Retype the data exactly, from its first line to the line containing "W związku z", including both, and skip any picture.

(Collected data entries)
-- Opening Marker --

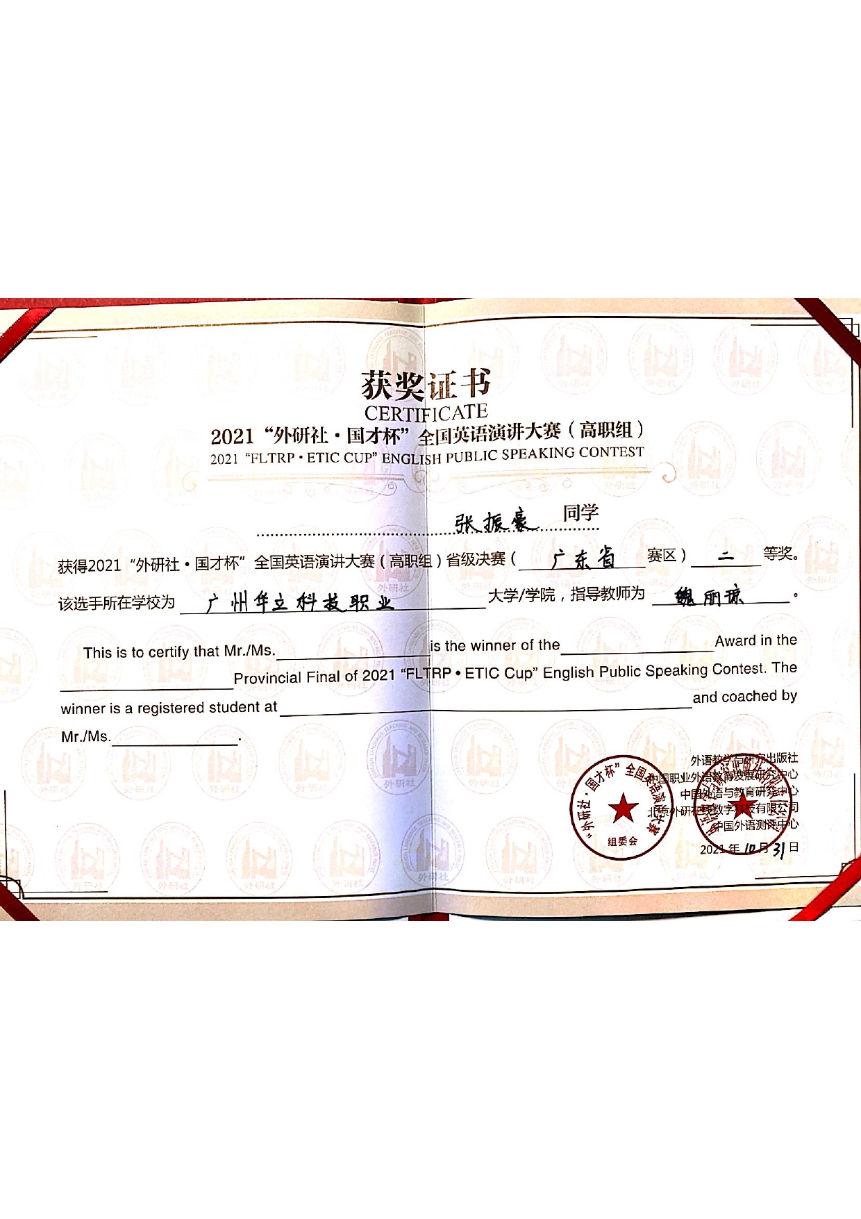張振豪同學(xué)獲2021“外研社·國(guó)才杯”全國(guó)英語(yǔ)演講大賽(高職組)省級(jí)決賽(廣東賽區(qū))二等獎(jiǎng)
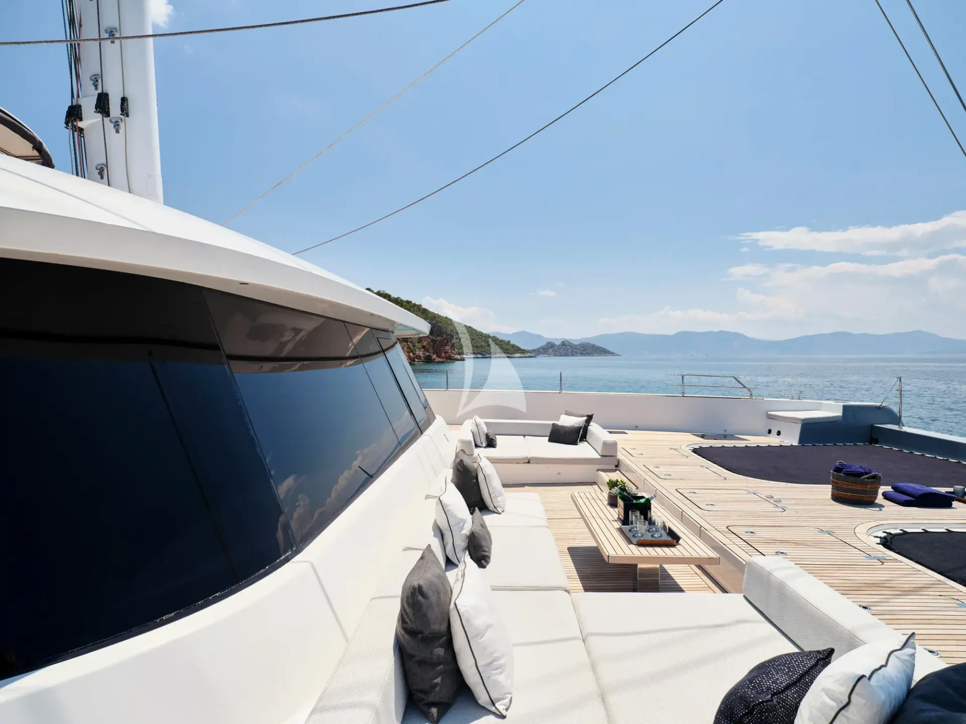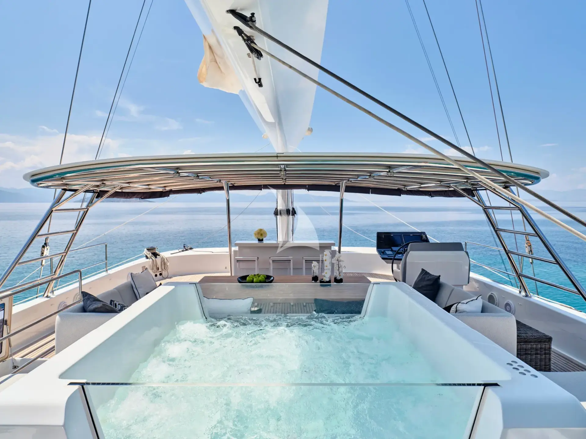 Her spacious aft cockpit seamlessly connects with the stylish open-plan saloon, creating a flowing indoor-outdoor space bathed in natural light and surrounded by panoramic sea views. Whether enjoying a gourmet meal or simply taking in the scenery, every moment onboard feels effortless and inspiring. The flybridge is a true highlight — featuring a Jacuzzi, wet bar, barbecue, dining area, and sunbeds — the perfect setting for sunset cocktails, alfresco dining, or starlit relaxation. Meanwhile, the hydraulic platform transforms into a private beach club on the water, providing easy access to the sea and a stylish place to unwind.
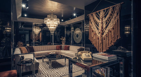 A stylish and modern living room featuring a curved sofa, elegant chandelier, decorative wall hangings, and a chic coffee table
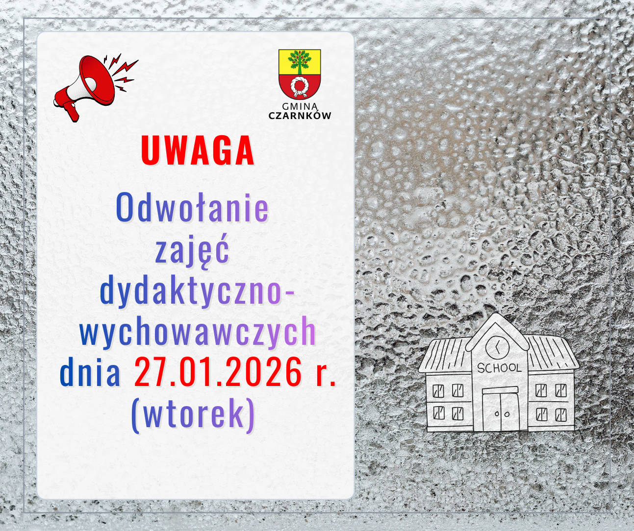 W związku z bardzo trudnymi warunkami pogodowymi informujemy, że w dniu 27 stycznia (wtorek) zajęcia dydaktyczno-wychowawcze oraz pozalekcyjne na terenie gminy Czarnków zostają odwołane.
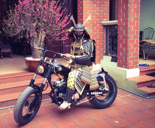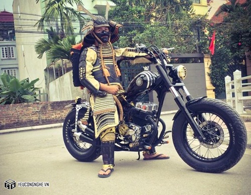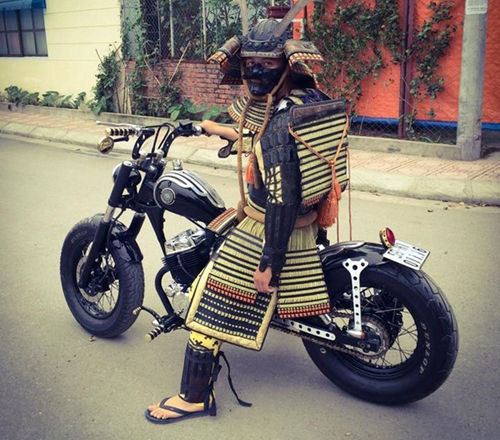 Trong trang phục của một võ sĩ Samurai, một biker nổi tiếng với phong cách lạ lẫm ở Hà Nội đã trình diễn chiếc môtô phân khối lớn quanh đường hồ tại Gia Lâm. Sự kết hợp giữa chiếc môtô Rebel 250 độ mang phong cách hoài cổ ở Mỹ và bộ trang phục đúng hình ảnh, tinh thần võ sĩ đạo nặng gần 15 kg đã thu hút mọi ánh nhìn từ những người đi đường. Hình ảnh và video đang là chủ đề được bàn luận nhiều trên mạng xã hội.

-- Closing Marker --

OUTPUT BELOW:
張振豪同學(xué)獲2021“外研社·國(guó)才杯”全國(guó)英語(yǔ)演講大賽(高職組)省級(jí)決賽(廣東賽區(qū))二等獎(jiǎng)
 Her spacious aft cockpit seamlessly connects with the stylish open-plan saloon, creating a flowing indoor-outdoor space bathed in natural light and surrounded by panoramic sea views. Whether enjoying a gourmet meal or simply taking in the scenery, every moment onboard feels effortless and inspiring. The flybridge is a true highlight — featuring a Jacuzzi, wet bar, barbecue, dining area, and sunbeds — the perfect setting for sunset cocktails, alfresco dining, or starlit relaxation. Meanwhile, the hydraulic platform transforms into a private beach club on the water, providing easy access to the sea and a stylish place to unwind.
 A stylish and modern living room featuring a curved sofa, elegant chandelier, decorative wall hangings, and a chic coffee table
 W związku z bardzo trudnymi warunkami pogodowymi informujemy, że w dniu 27 stycznia (wtorek) zajęcia dydaktyczno-wychowawcze oraz pozalekcyjne na terenie gminy Czarnków zostają odwołane.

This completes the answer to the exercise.